==== Data provided ====

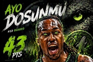 43分也是道苏姆的生涯新高,他常规赛纪录是35分,季后赛之前的纪录是上一场的25分。
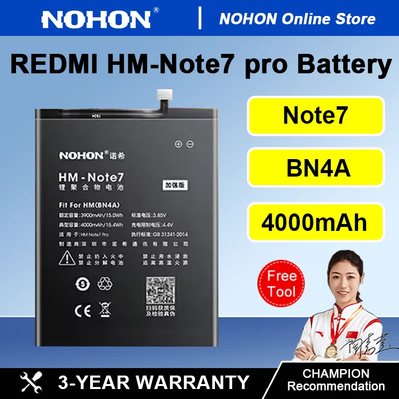 NOHON 4000mAh Battery for Redmi Note 7 Note 7Pro BN4A Replacement Battery for Xiaomi Redmi Note7 XM Note7Pro with Free tools
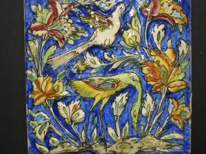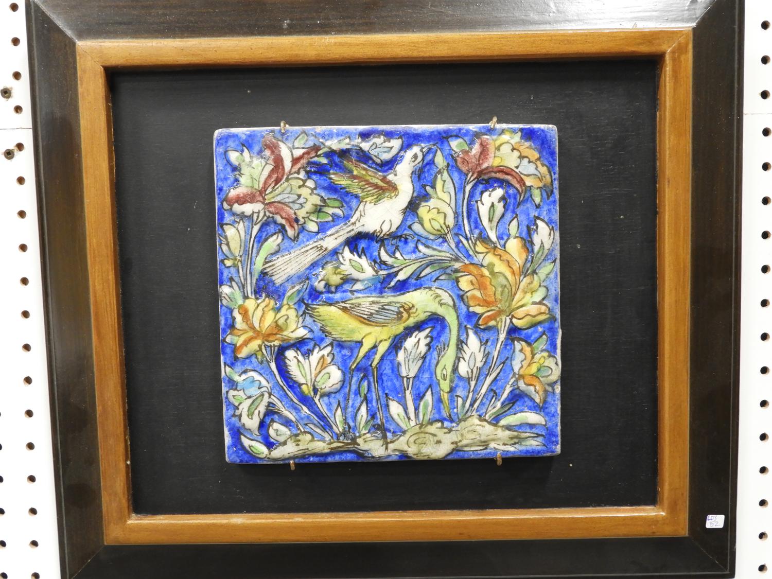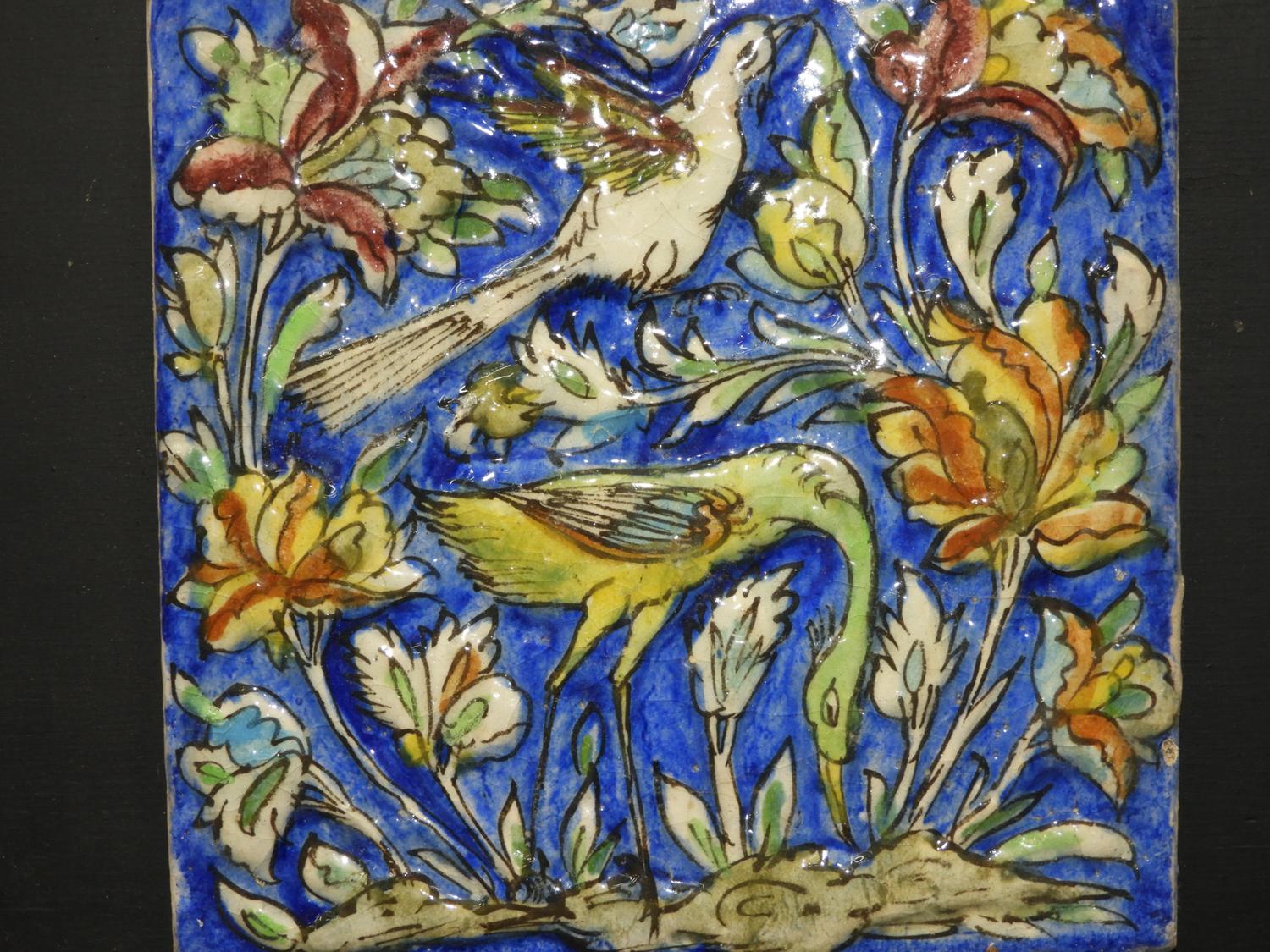 framed persian tile, 9" x 9", "birds and flowers".

====

→ **What is being asked**: Without including any picture, output all the material exactly as it appears.

→ **Output below**:
 43分也是道苏姆的生涯新高,他常规赛纪录是35分,季后赛之前的纪录是上一场的25分。
 NOHON 4000mAh Battery for Redmi Note 7 Note 7Pro BN4A Replacement Battery for Xiaomi Redmi Note7 XM Note7Pro with Free tools
 framed persian tile, 9" x 9", "birds and flowers".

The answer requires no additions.